### Available data
══════════════════════════════

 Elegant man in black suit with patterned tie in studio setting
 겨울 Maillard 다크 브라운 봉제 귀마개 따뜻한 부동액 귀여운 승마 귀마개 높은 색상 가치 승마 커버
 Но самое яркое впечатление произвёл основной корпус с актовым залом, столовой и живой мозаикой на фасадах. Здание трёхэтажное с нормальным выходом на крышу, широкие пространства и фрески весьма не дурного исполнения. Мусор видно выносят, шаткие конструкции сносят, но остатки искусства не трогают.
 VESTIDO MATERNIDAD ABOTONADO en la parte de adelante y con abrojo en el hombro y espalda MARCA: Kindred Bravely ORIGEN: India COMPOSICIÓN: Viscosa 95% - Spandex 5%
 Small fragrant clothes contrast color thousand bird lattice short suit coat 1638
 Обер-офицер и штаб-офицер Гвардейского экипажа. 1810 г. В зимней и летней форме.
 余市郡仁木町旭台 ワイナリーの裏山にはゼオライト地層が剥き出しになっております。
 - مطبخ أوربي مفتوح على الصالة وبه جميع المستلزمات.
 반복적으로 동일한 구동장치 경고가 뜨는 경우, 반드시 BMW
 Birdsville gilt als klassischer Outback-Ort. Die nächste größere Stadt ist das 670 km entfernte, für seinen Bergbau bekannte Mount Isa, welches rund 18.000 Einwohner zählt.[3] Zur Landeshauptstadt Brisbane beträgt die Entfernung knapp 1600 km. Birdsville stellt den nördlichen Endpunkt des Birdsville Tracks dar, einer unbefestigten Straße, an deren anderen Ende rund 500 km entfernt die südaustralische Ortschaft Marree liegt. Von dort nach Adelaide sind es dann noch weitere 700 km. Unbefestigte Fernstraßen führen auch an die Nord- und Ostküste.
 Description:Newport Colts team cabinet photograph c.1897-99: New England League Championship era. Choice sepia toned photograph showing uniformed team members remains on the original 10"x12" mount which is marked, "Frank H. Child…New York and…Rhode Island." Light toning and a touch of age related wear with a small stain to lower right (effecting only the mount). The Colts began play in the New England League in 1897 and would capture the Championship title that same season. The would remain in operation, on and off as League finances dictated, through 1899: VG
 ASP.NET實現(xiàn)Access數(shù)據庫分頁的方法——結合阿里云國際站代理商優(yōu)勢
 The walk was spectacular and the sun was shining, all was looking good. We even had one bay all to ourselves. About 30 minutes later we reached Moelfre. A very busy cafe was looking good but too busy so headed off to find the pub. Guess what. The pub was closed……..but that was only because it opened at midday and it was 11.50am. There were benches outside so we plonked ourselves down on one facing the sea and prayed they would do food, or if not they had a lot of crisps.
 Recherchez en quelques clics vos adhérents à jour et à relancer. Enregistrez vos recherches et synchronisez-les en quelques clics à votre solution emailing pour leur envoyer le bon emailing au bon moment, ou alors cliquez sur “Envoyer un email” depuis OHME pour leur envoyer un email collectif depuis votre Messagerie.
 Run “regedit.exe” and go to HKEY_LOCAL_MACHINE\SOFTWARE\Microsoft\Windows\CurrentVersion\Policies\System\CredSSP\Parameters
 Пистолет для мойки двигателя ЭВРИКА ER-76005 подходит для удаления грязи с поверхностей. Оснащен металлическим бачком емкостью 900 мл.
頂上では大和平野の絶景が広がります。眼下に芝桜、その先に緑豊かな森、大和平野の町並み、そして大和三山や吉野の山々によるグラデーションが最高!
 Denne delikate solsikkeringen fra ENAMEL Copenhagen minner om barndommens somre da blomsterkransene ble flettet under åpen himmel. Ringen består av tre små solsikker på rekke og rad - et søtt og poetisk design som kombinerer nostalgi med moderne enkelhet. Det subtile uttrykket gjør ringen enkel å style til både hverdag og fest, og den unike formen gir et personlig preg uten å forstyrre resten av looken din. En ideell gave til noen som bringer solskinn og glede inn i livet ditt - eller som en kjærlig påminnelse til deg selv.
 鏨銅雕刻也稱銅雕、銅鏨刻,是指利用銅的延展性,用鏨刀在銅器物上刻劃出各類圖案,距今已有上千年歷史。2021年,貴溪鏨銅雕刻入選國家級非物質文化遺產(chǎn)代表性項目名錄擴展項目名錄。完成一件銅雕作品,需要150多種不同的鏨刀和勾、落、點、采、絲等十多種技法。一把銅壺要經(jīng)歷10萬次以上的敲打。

══════════════════════════════

### Exercise details
Go through the lines above and copy any that contain "with".

### Written answer
 Elegant man in black suit with patterned tie in studio setting
 Description:Newport Colts team cabinet photograph c.1897-99: New England League Championship era. Choice sepia toned photograph showing uniformed team members remains on the original 10"x12" mount which is marked, "Frank H. Child…New York and…Rhode Island." Light toning and a touch of age related wear with a small stain to lower right (effecting only the mount). The Colts began play in the New England League in 1897 and would capture the Championship title that same season. The would remain in operation, on and off as League finances dictated, through 1899: VG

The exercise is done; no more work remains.